After all what’s new in Data Science?
Originally published on Towards Data Science by Marcos Silva.
What is the scope of work and the role of the data scientist.
We are increasingly hearing about this “new” craft called Data Science and its professional, the Data Scientist. But in the end, what does a Data Scientist do? Will the individual really work in a white coat and goggles? To analyze this, we may first understand that it is science, what has changed in the last decade to legitimize this new concept and how this new area and profession compare with the rest of the new and old functions?
First let’s examine what science is.
What does a field of study need to have to be considered science? After all, what is science? Many different authors have given unlike definitions for this concept. For our most practical purposes, let’s consider the concept of science by Karl Popper (1902–94), a science philosopher. For him, science is anything that can be falsified and/or plausible of falsifiability, otherwise it would belong to the realm of beliefs and opinions. It sounds simple, but it solves many of great philosophers’ deadlocks from the past, like Hume and Kant.

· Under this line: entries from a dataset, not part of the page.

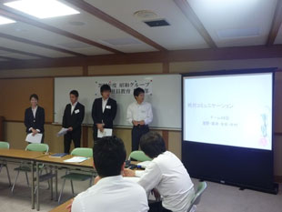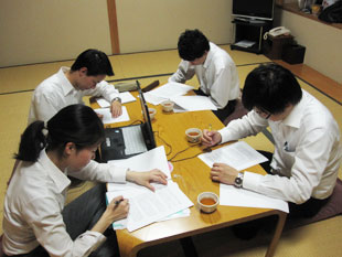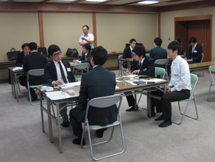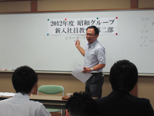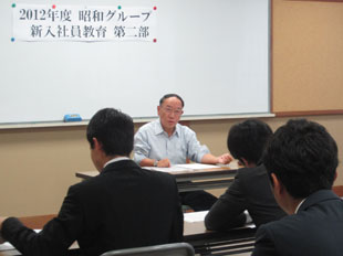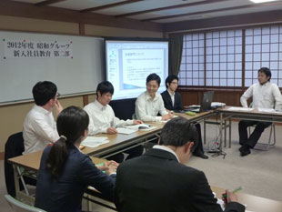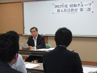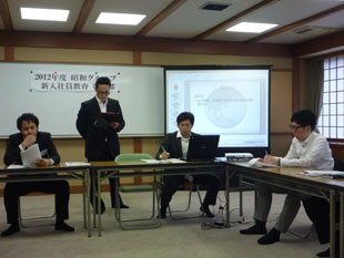 2012年7月5日(木)〜6日(金)、2012年度昭和グループの新入社員教育第二部を勝尾寺にて開催致しました。今回は、OB講師として芝崎昌治氏をお迎えし、仕事への心構えを、また阿知原取締役からは社会人としての心構え、プロとは何かをご指導頂きました。その他は昨年同様「営業折衝力強化のロールプレイング」と「ケーススタディによるグループワーク」を行い新入社員のブラッシュアップを図りました。
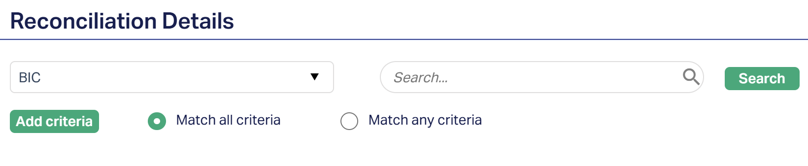 1. From the Payment Grid menu, click Nostro Reconciliation and then Reconciliation Details. The Reconciliation Details search page appears. Initially, no records are displayed by default.
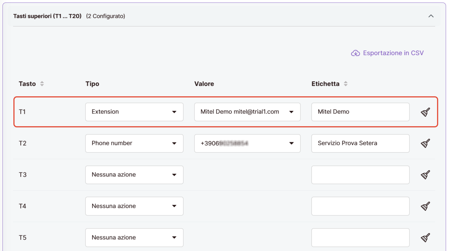 Per i telefoni Mitel rimane necessaria la configurazione attraverso il Provisioning URL, è possibile copiare tale dato cliccando il link Provisioning URL per Telefoni Mitel situato nell'angolo superiore destro.

Let’s go for examples: Before Magellan in the 15th century, saying the earth was flat has to do with science, once we could test this hypothesis. Newton’s law of universal gravitation is also part of science because we can test and try to prove it is false. Now, if a moral decision is better or worse, it is not part of the scope of science since we cannot test it, or if I believe in one religion or another, it is not part of the scope of science either, again because it is not possible to test it.

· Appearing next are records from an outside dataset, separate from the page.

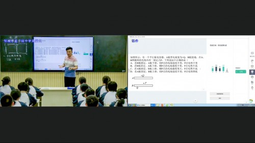 在物理课上,孟子湖中学的张玉峰老师借助大数据支撑的智慧纸笔系统,通过学生抢答、随机选人、截屏提问等信息化手段,实时掌握学生的课堂学习、课堂参与情况,及时调整课堂预设,进行精准指导,开展灵活多元的师生互动、生生互动,促进了学生对于知识探究的主动性。同时,将学生置于课堂中央,让学生动起来,让深度学习真正发生,让核心素养真正落地。
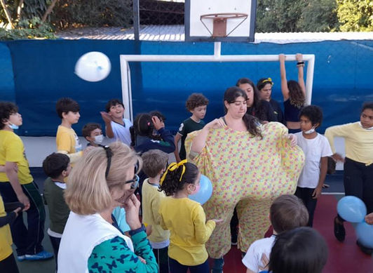 Fazemos gincanas de acordo com cada faixa etária. Crianças e funcionaram veem vestidos da cor da equipe.
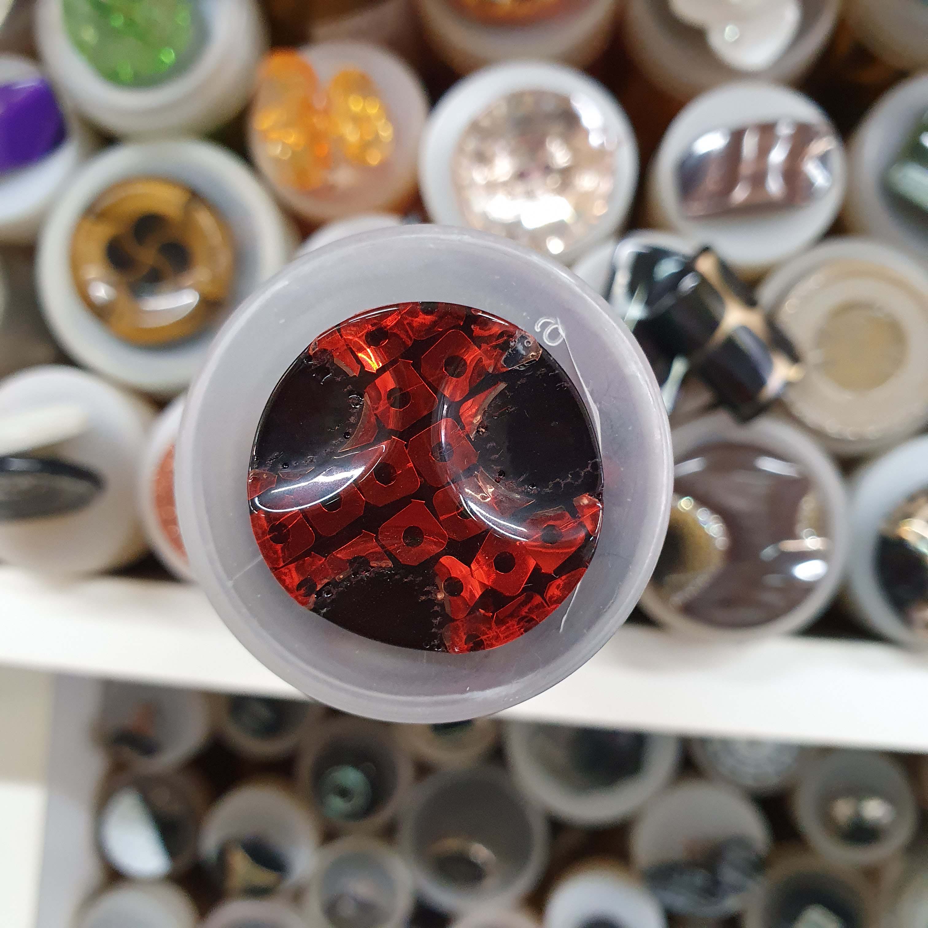 Ozdobný gombík čierno červený cca 2,5cmSkladom0,40 EUR/ ks0,33 EUR bez DPH

If the scope of science is attempting to falsify hypotheses, and as models pass the tests of falsifiability over time, we believe in theories as scientific facts, as Newton’s laws survived for two centuries of try-outs, until even better upcoming theories and models, as Einstein did in 1915 with gravity, and still science keeps going. Therefore, along with this definition, science does not prove that a model is true, but not false.

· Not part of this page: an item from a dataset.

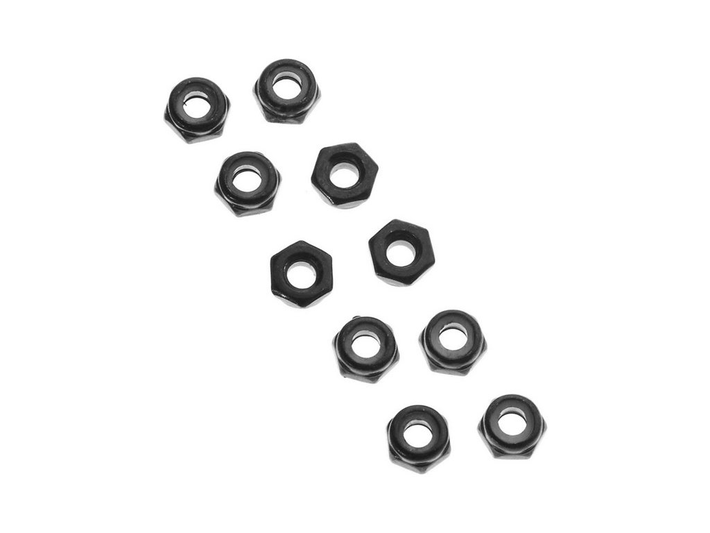 Náhradní díl pro RC model auta Axial na podvozcích SCX10 II, RR10, Rock Racer 1:10: matice samojistná M3 černá (10 ks).
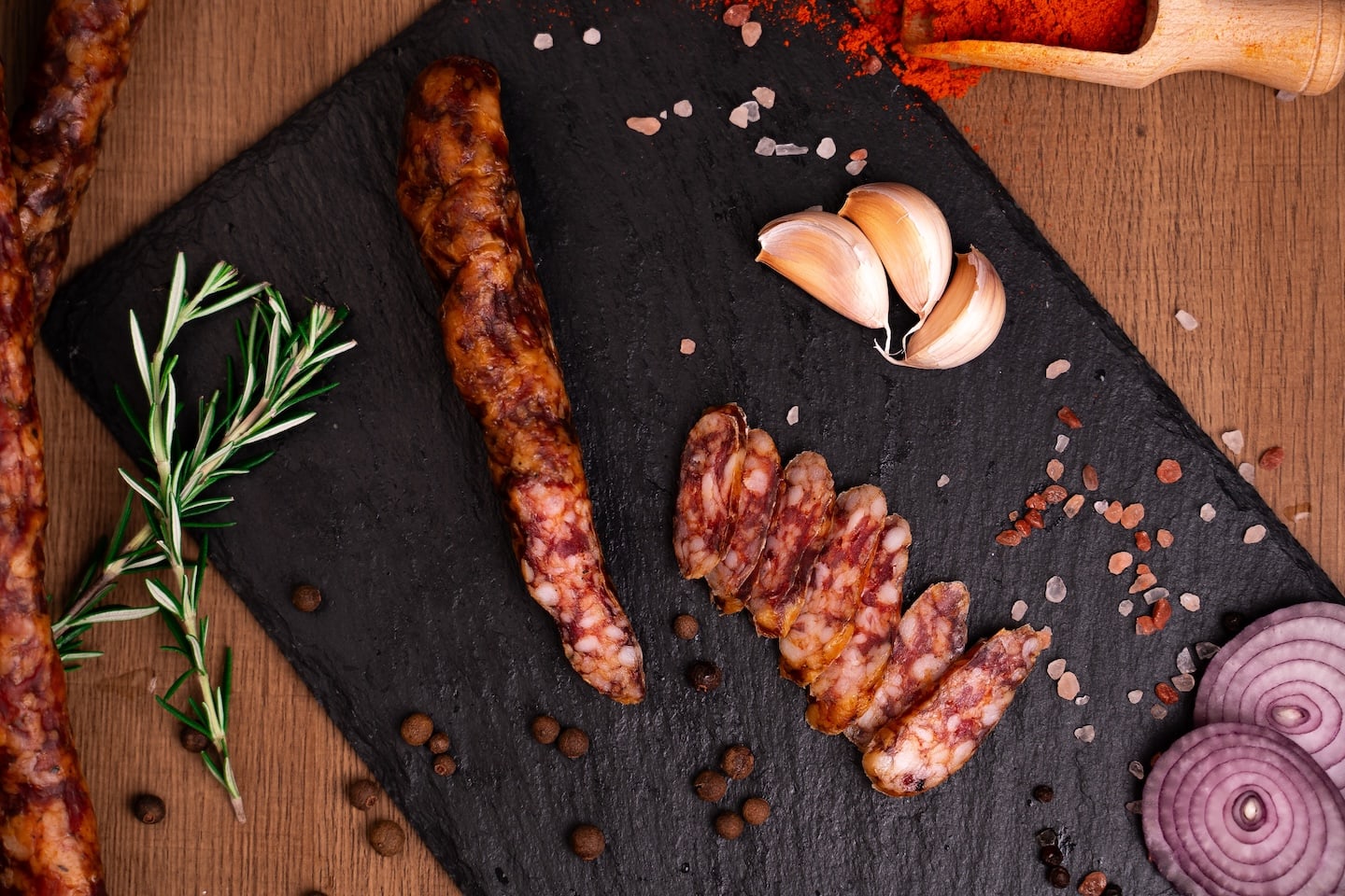 Smoked in Transylvania’s homemade pork and beef sausages are naturally dry aged for at least 14 days for an intense and authentic taste. Slow-cooked and smoked with hardwood beechwood, they preserve the flavour of Transylvanian old fashioned recipes.

And what does this have to do with Data Science?
Well, if science is a skeptical attitude against facts, creating models that try to explain reality, or testing hypotheses with a rigid methodology for other people possibly try to reproduce and falsify, Data Science is basically doing it now with data, right? Yes! But this is called Statistics.
What is the difference between Statistics and Data Science.
Obviously, they are quite related areas, which often relay on same sources. But what are its differences? By the way, is there any difference? For many people, no. Let’s go a little deeper. Statistics would be to Data Science as mathematics is to engineer, that is, it creates the theoretical framework for Data Science to solve real world problems, just like engineering does. The Data Scientist needs more than just pen and paper to solve these real world problems, using lots of programming techniques to deal with an ever-increasing amount of data, and then differences begin.
Data Science is a multidisciplinary area where one of its disciplines (perhaps the most important) being statistics, which all credits of data “science” comes from in a way that, without statistics, it would be just scientific content application, as same old engineering. In any case, there is no consensus yet as to where one area begins and the other ends so that there is a lot of overlap between both, thus this creates several initiatives to bring these fields together. 50 year of Data Science, MIT.
What has changed in recent years to increase Data Science popularity?
Much has changed in recent years that there has co-responsibility for the Data Science boom. Again, there is no obvious way to explain its rapid rise. Statistical theories are quite old — regression for example is from the late nineteenth century. Neural networks began to be explored in the 1950’s. So, what happened around 2010 that started this quick upside? The gaming industry!
Hardware research investing is extremely expensive, and even though Data Science and Machine Learning are extremely useful, they were not safe and reliable enough to support billions of dollars each year for increasingly powerful equipment. But the gaming industry, which recently outperformed music and movie business (together!) is profitable enough to support all needed investment for powerful hardware development to process realistic games continuous enhancement. The trick was to adapt these super modern equipment, who does millions of calculations per second, to run Machine Learning algorithms — this has only started in recent years (~ 2012), together with high forthcoming collected data volume, that explains the recent Data Science boom all over the world.
Is Data Scientist a job who only uses Machine Learning?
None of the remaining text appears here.